> SOURCE MATERIAL:
_ _ _

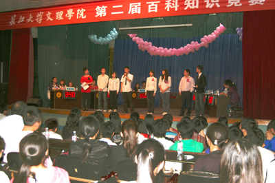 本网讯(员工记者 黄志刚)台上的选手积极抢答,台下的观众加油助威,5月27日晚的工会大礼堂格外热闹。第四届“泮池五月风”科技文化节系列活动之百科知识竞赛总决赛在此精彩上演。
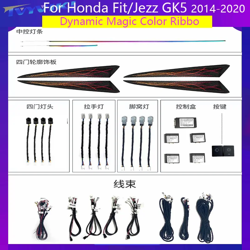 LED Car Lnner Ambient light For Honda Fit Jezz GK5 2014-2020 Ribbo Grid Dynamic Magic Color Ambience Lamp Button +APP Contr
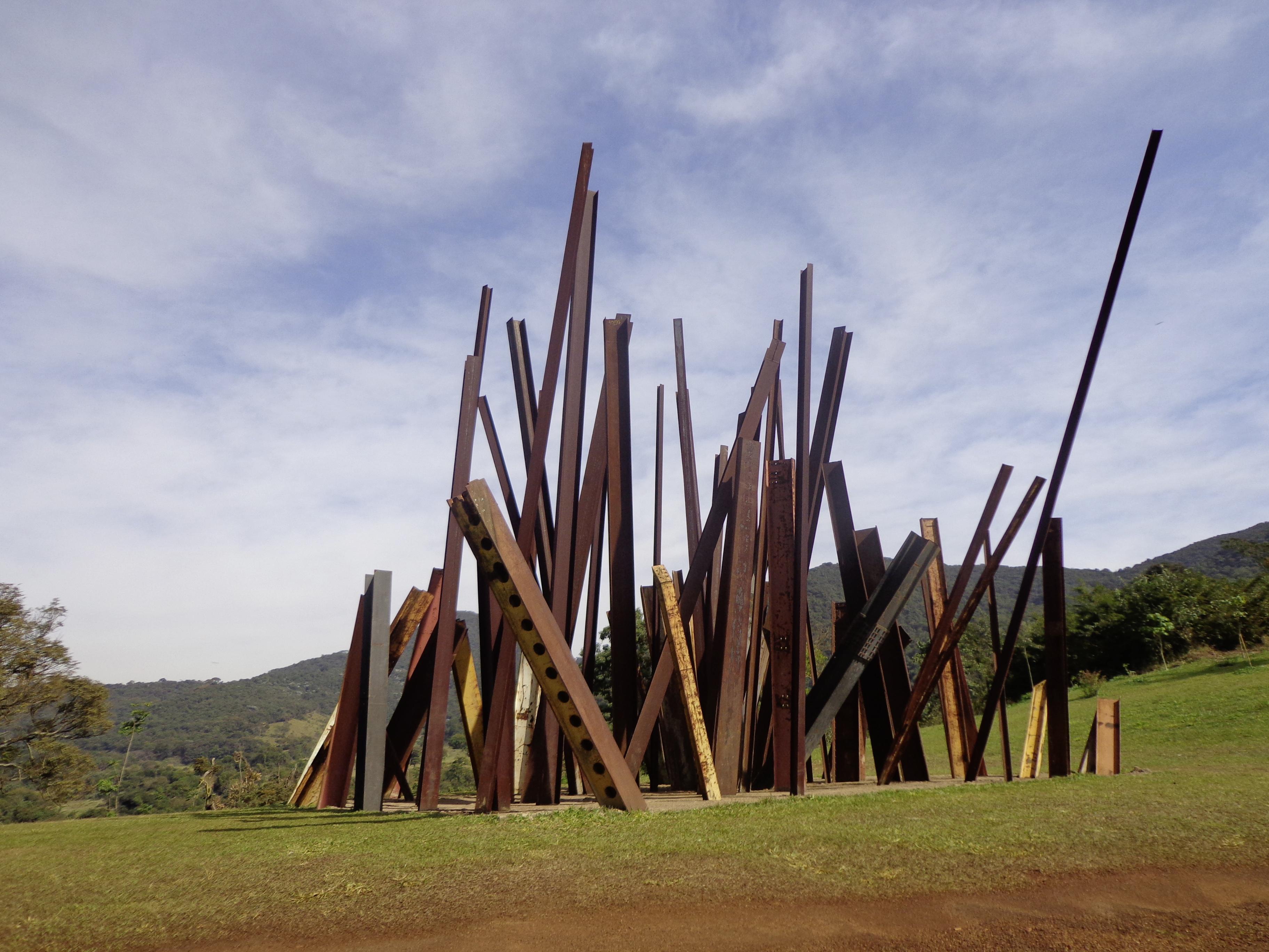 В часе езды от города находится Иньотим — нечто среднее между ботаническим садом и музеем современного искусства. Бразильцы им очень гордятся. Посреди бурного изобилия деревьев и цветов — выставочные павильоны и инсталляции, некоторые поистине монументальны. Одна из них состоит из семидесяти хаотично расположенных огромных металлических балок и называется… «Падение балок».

_ _ _

Restating the data word for word is the task, and pictures are to be omitted.

> EXERCISE RESPONSE:
 本网讯(员工记者 黄志刚)台上的选手积极抢答,台下的观众加油助威,5月27日晚的工会大礼堂格外热闹。第四届“泮池五月风”科技文化节系列活动之百科知识竞赛总决赛在此精彩上演。
 LED Car Lnner Ambient light For Honda Fit Jezz GK5 2014-2020 Ribbo Grid Dynamic Magic Color Ambience Lamp Button +APP Contr
 В часе езды от города находится Иньотим — нечто среднее между ботаническим садом и музеем современного искусства. Бразильцы им очень гордятся. Посреди бурного изобилия деревьев и цветов — выставочные павильоны и инсталляции, некоторые поистине монументальны. Одна из них состоит из семидесяти хаотично расположенных огромных металлических балок и называется… «Падение балок».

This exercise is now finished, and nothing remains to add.